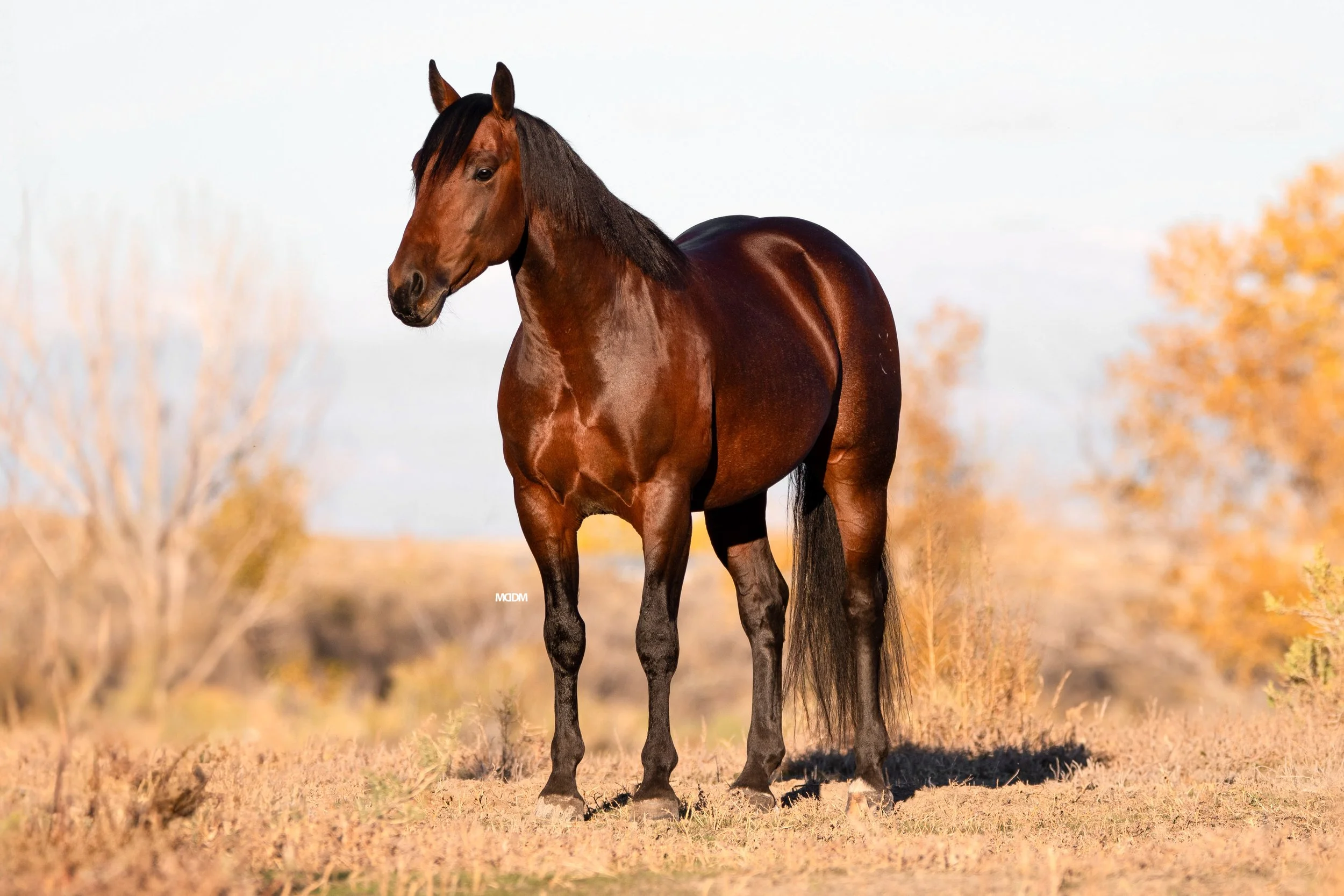 A brown horse with black mane and tail standing on dry grass in an open field with mountains in the background.
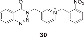 In a separate study, Hosseini et al. introduced substitution at the nitrogen atom of the pyridine ring and designed pyridinium derivatives replacing benzyl piperidine moiety of donepezil to obtain the lead compound and further modified to develop 4-oxobenzo [d]1,2,3-triazin benzyl pyridinium derivatives. Among them, 1-(2-nitrobenzyl)-3-((4-oxobenzo [d][1,2,3]triazin-3(4H)-yl)methyl)pyridin-1-ium bromide (30) with 2-nitro substitution in the benzene ring, revealed higher AChE inhibitory activity (IC50 = 0.10 ± 0.01 μM) than donepezil. Docking studies revealed that compound 30 interacted with CAS, PAS, catalytic triad, and oxyanion hole of the AChE enzyme (Hosseini et al., 2020).
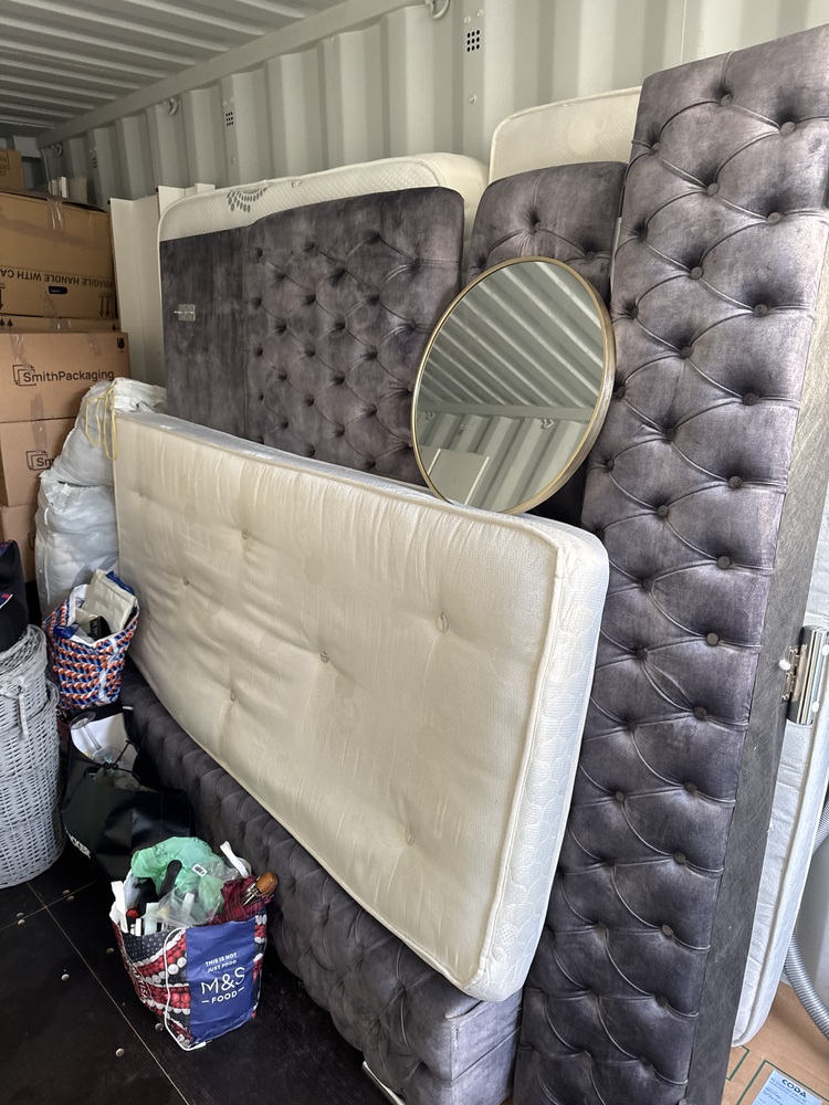 Auctioning the full contents of a storage container offered as one complete lot. Items include a microwave, hoover/vacuum cleaner, double bed frame with mattress, and two televisions. Also included are various storage units suitable for home or garage use, along with multiple boxes containing mixed household goods.
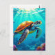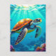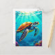 Beautiful ai illustration of a sea turtle swimming through the ocean with vibrant colorful postcard. If you are travelling, vacationing or just collect postcards, here is a unique one for you!
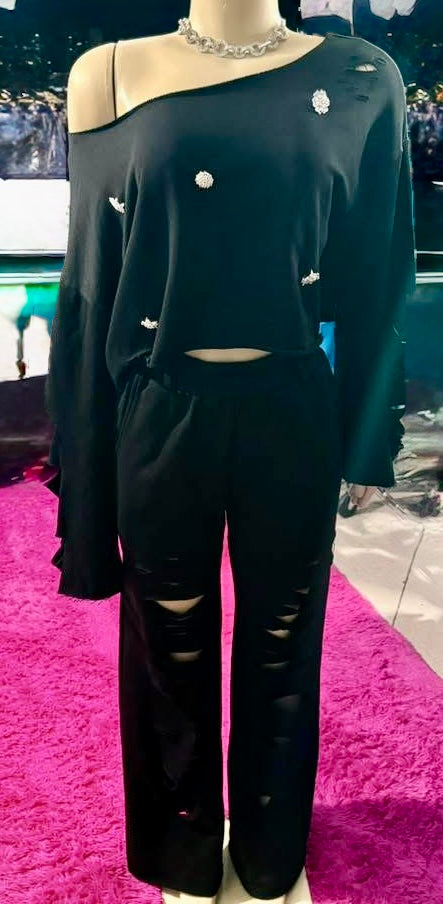 Off shoulder top with pants. Distressed w/ pockets. Brooches are removable.
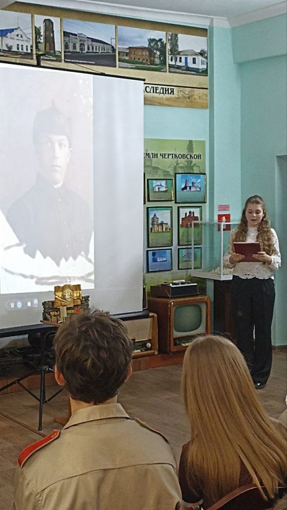Ученица Чертковской СОШ №3 Солоп Варвара рассказала историю своих предков, участников Великой Отечественной войны. Также гостем нашего мероприятия стал Борисов Р. Ю., который рассказал о поисковой работе в своей юности, а именно в 17-летнем возрасте стал участником раскопок. Ученица МБОУ Шептуховской СОШ Кравцовой Анастасия, участница отряда рассказала о работе отряда по памятнику, который находится в селе Шептуховка.
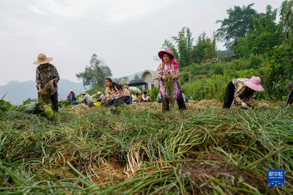 6月8日,在豐都縣虎威鎮大池社區的藠頭田,當地村民在種植大戶(hù)的組織下集體采收藠頭。
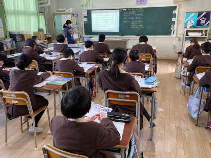本日2時間目、5年生1・2組の授業のようすです。どちらも社会で、「コンビニでの商品の情報の活用」等について学習をしています。
※
Quote every record above exactly, leaving out the pictures.

Response to the task:
 A brown horse with black mane and tail standing on dry grass in an open field with mountains in the background.
 In a separate study, Hosseini et al. introduced substitution at the nitrogen atom of the pyridine ring and designed pyridinium derivatives replacing benzyl piperidine moiety of donepezil to obtain the lead compound and further modified to develop 4-oxobenzo [d]1,2,3-triazin benzyl pyridinium derivatives. Among them, 1-(2-nitrobenzyl)-3-((4-oxobenzo [d][1,2,3]triazin-3(4H)-yl)methyl)pyridin-1-ium bromide (30) with 2-nitro substitution in the benzene ring, revealed higher AChE inhibitory activity (IC50 = 0.10 ± 0.01 μM) than donepezil. Docking studies revealed that compound 30 interacted with CAS, PAS, catalytic triad, and oxyanion hole of the AChE enzyme (Hosseini et al., 2020).
 Auctioning the full contents of a storage container offered as one complete lot. Items include a microwave, hoover/vacuum cleaner, double bed frame with mattress, and two televisions. Also included are various storage units suitable for home or garage use, along with multiple boxes containing mixed household goods.
 Beautiful ai illustration of a sea turtle swimming through the ocean with vibrant colorful postcard. If you are travelling, vacationing or just collect postcards, here is a unique one for you!
 Off shoulder top with pants. Distressed w/ pockets. Brooches are removable.
Ученица Чертковской СОШ №3 Солоп Варвара рассказала историю своих предков, участников Великой Отечественной войны. Также гостем нашего мероприятия стал Борисов Р. Ю., который рассказал о поисковой работе в своей юности, а именно в 17-летнем возрасте стал участником раскопок. Ученица МБОУ Шептуховской СОШ Кравцовой Анастасия, участница отряда рассказала о работе отряда по памятнику, который находится в селе Шептуховка.
 6月8日,在豐都縣虎威鎮大池社區的藠頭田,當地村民在種植大戶(hù)的組織下集體采收藠頭。
本日2時間目、5年生1・2組の授業のようすです。どちらも社会で、「コンビニでの商品の情報の活用」等について学習をしています。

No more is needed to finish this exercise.